[[ DATA open ]]
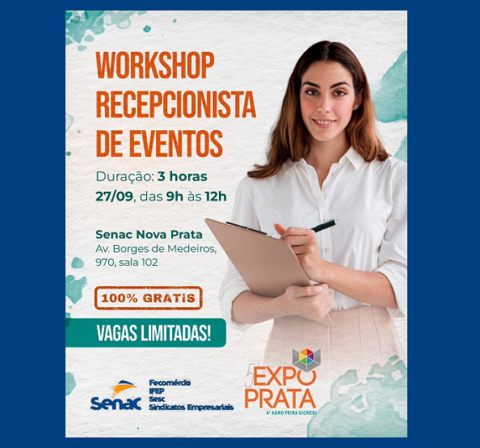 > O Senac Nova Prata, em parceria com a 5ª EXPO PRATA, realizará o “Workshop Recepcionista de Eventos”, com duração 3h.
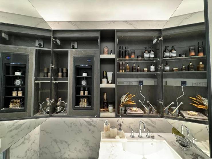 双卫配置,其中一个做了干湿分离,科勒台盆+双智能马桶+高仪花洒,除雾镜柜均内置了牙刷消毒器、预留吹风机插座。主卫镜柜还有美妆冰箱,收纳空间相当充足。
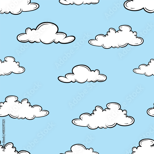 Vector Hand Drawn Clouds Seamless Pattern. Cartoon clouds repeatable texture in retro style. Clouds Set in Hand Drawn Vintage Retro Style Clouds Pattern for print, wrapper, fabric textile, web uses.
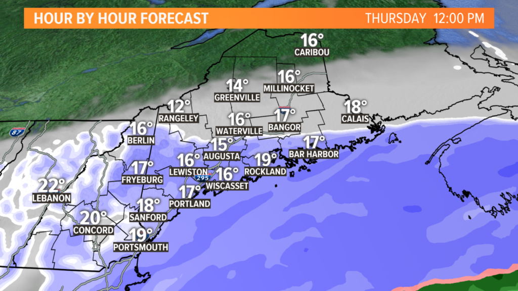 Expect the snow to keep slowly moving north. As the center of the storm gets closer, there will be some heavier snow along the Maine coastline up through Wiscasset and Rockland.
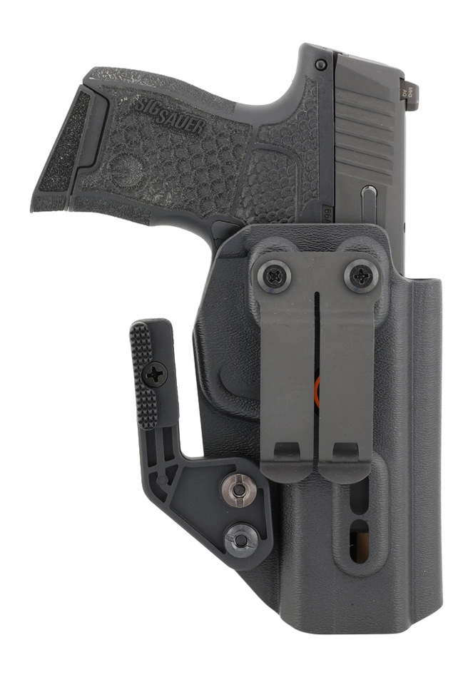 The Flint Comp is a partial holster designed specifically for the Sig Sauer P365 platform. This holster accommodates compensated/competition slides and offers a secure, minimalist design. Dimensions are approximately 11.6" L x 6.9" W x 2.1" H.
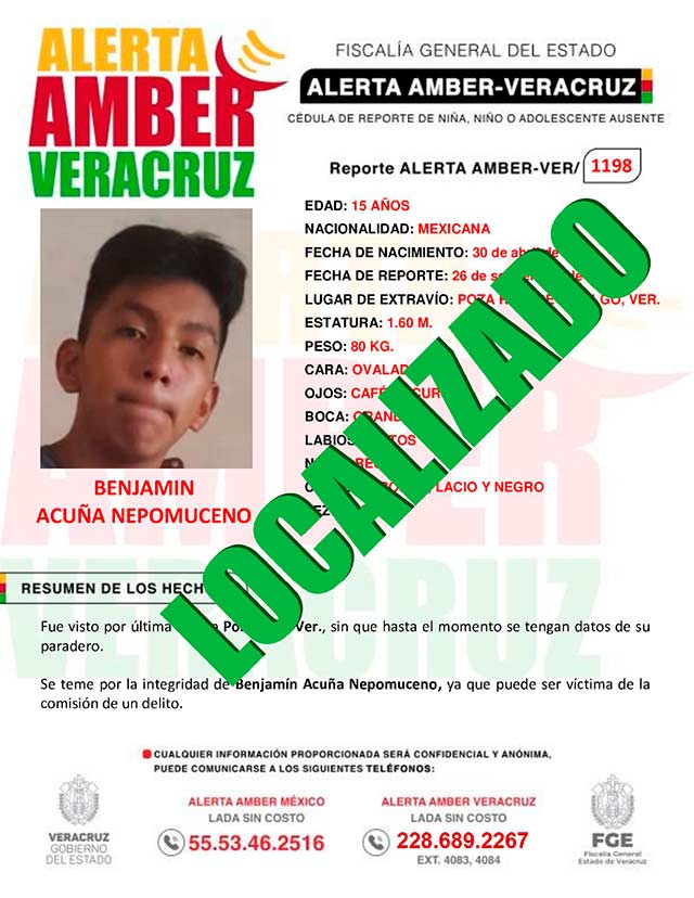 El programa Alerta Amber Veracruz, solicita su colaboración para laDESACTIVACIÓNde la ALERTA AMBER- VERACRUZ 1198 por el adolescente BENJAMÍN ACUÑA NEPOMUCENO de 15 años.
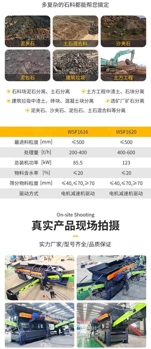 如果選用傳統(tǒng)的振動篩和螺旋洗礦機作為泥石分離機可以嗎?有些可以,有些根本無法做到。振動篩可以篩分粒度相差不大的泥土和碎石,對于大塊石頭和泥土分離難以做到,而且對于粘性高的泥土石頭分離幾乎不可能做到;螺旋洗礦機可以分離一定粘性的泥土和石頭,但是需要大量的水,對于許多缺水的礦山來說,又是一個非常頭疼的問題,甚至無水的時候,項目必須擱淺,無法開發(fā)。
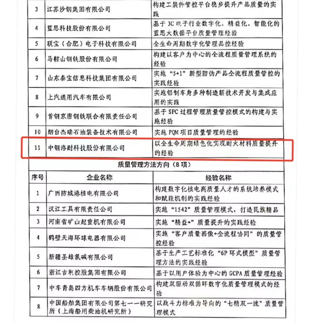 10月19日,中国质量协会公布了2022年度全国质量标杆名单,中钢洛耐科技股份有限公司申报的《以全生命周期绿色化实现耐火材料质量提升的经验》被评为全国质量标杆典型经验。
[[ DATA closed ]]
> _TASK TO COMPLETE_
Ending at the line with "The Flint Comp", reproduce exactly the lines that begin at the top of the data, and include no pictures.

> _ANSWER BOX_
 > O Senac Nova Prata, em parceria com a 5ª EXPO PRATA, realizará o “Workshop Recepcionista de Eventos”, com duração 3h.
 双卫配置,其中一个做了干湿分离,科勒台盆+双智能马桶+高仪花洒,除雾镜柜均内置了牙刷消毒器、预留吹风机插座。主卫镜柜还有美妆冰箱,收纳空间相当充足。
 Vector Hand Drawn Clouds Seamless Pattern. Cartoon clouds repeatable texture in retro style. Clouds Set in Hand Drawn Vintage Retro Style Clouds Pattern for print, wrapper, fabric textile, web uses.
 Expect the snow to keep slowly moving north. As the center of the storm gets closer, there will be some heavier snow along the Maine coastline up through Wiscasset and Rockland.
 The Flint Comp is a partial holster designed specifically for the Sig Sauer P365 platform. This holster accommodates compensated/competition slides and offers a secure, minimalist design. Dimensions are approximately 11.6" L x 6.9" W x 2.1" H.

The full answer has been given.